[Opening Available data section]

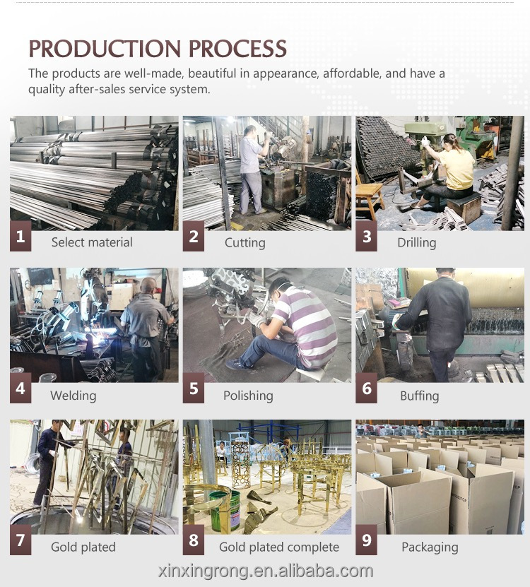 Foshan Xinxingrong Furniture Manufacturing Co., Ltd. was established in May 2008. It is located in the international furniture manufacturing city-Lecong, Foshan City, Guangdong Province, China. After 10 years of hard work, it has developed from several small workshops at the beginning of its establishment. A staff team of 100 people is now the size of a furniture factory. Specializing in the production of stainless steel dining table sets, stainless steel dining tables, stainless steel sofas and chairs. Hotel bar chairs, etc. The monthly production capacity is 5000 sets. Xinxingrong Furniture Company has excellent professional and technical personnel and management elites. Adopt scientific management methods and advanced processing equipment. The products produced by our company are affordable, quality guaranteed, and delivered on time, and are exported to Europe, America, the Middle East, Africa, India and many other countries in the world. And maintain a long-term cooperative relationship. Xinxingrong Furniture Co., Ltd. adheres to the principle of integrity and win-win situation, and makes better service and more refined, updated and more fashionable products. We are willing to cooperate with global furniture buyers to make progress and develop together.
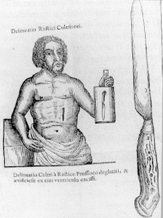 Nell'immagine (incisione da Cultrivori Prussiaci curatio singularis di Daniel Becker edito a Lione nel 1640) è riprodotto un singolare caso: l'asportazione di un coltello ingoiato per un singulto da un contadino prussiano mentre si cercava di aiutarlo a liberarsi col vomito del troppo cibo ingurgitato: l'operazione chirurgica che lo salvò fu all'avanguardia per l'epoca. All'epoca però si riteneva che il vomito di oggetti solidi e insoliti fosse soprattutto una caratteristica di INDEMONIATI e POSSEDUTI indotti a rigettare siffatti materiali incredibili e quindi DIABOLICI in forza di un procedimento di ESORCISMO.
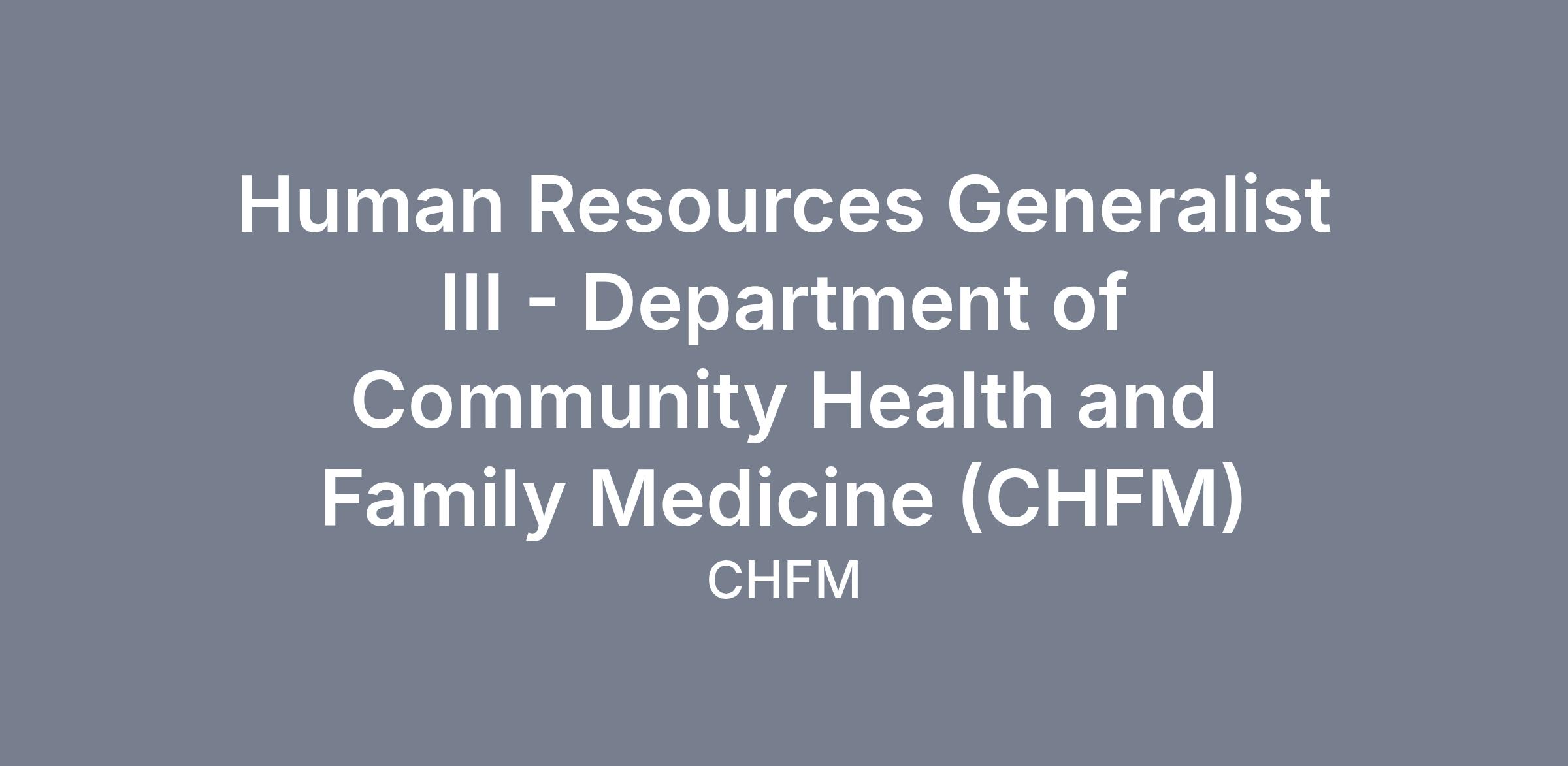 The HR Generalist III plays a critical role in managing the day-to-day human resources and payroll operations for the Department of Community Health and Family Medicine (CHFM), including its Regional Programs. This position provides comprehensive oversight of core HR functions including staffing and recruitment, onboarding and training, credentialing, and daily HR operations while ensuring compliance, consistency, and strong workforce support across a complex, multi-site clinical environment.

[Closing Available data section]

> **What to produce**
Quote everything in the listing above exactly; pictures are the only thing to omit.

> **Exercise response**
 Foshan Xinxingrong Furniture Manufacturing Co., Ltd. was established in May 2008. It is located in the international furniture manufacturing city-Lecong, Foshan City, Guangdong Province, China. After 10 years of hard work, it has developed from several small workshops at the beginning of its establishment. A staff team of 100 people is now the size of a furniture factory. Specializing in the production of stainless steel dining table sets, stainless steel dining tables, stainless steel sofas and chairs. Hotel bar chairs, etc. The monthly production capacity is 5000 sets. Xinxingrong Furniture Company has excellent professional and technical personnel and management elites. Adopt scientific management methods and advanced processing equipment. The products produced by our company are affordable, quality guaranteed, and delivered on time, and are exported to Europe, America, the Middle East, Africa, India and many other countries in the world. And maintain a long-term cooperative relationship. Xinxingrong Furniture Co., Ltd. adheres to the principle of integrity and win-win situation, and makes better service and more refined, updated and more fashionable products. We are willing to cooperate with global furniture buyers to make progress and develop together.
 Nell'immagine (incisione da Cultrivori Prussiaci curatio singularis di Daniel Becker edito a Lione nel 1640) è riprodotto un singolare caso: l'asportazione di un coltello ingoiato per un singulto da un contadino prussiano mentre si cercava di aiutarlo a liberarsi col vomito del troppo cibo ingurgitato: l'operazione chirurgica che lo salvò fu all'avanguardia per l'epoca. All'epoca però si riteneva che il vomito di oggetti solidi e insoliti fosse soprattutto una caratteristica di INDEMONIATI e POSSEDUTI indotti a rigettare siffatti materiali incredibili e quindi DIABOLICI in forza di un procedimento di ESORCISMO.
 The HR Generalist III plays a critical role in managing the day-to-day human resources and payroll operations for the Department of Community Health and Family Medicine (CHFM), including its Regional Programs. This position provides comprehensive oversight of core HR functions including staffing and recruitment, onboarding and training, credentialing, and daily HR operations while ensuring compliance, consistency, and strong workforce support across a complex, multi-site clinical environment.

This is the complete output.